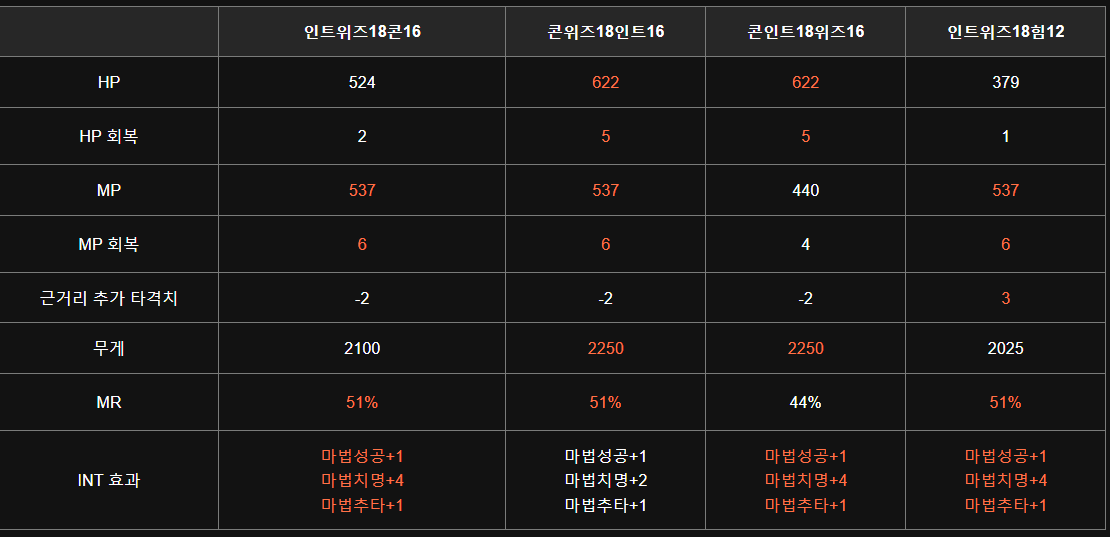 마법사는 추가 스탯 16포인트를 어디에 찍느냐에 따라 성능이 완전히 달라집니다.
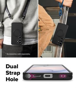 - Có lỗ xỏ dây đeo, bạn có thể mua thêm dây đeo Ringke Strap để tiện dụng hơn (Lưu ý: dây đeo bán riêng, hình ảnh chỉ minh họa cách sử dụng dây đeo)
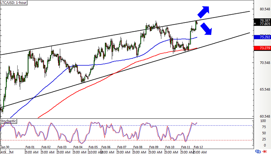 Cena Litecoinu na 1hodinovém grafu aktuálně proráží směrem vzhůru rezistenci rostoucího trendového kanálu. Nicméně, indikátor Stochastic již signalizuje překoupené podmínky, což značí možnou vyčerpanost býků, a tedy možný falešný průraz. Vrátí se tak cena zpět do trendového kanálu? -

**Work instructions:** Please transcribe the listing exactly as it stands, but omit its pictures.

**Solution to the exercise:**
 마법사는 추가 스탯 16포인트를 어디에 찍느냐에 따라 성능이 완전히 달라집니다.
 - Có lỗ xỏ dây đeo, bạn có thể mua thêm dây đeo Ringke Strap để tiện dụng hơn (Lưu ý: dây đeo bán riêng, hình ảnh chỉ minh họa cách sử dụng dây đeo)
 Cena Litecoinu na 1hodinovém grafu aktuálně proráží směrem vzhůru rezistenci rostoucího trendového kanálu. Nicméně, indikátor Stochastic již signalizuje překoupené podmínky, což značí možnou vyčerpanost býků, a tedy možný falešný průraz. Vrátí se tak cena zpět do trendového kanálu? -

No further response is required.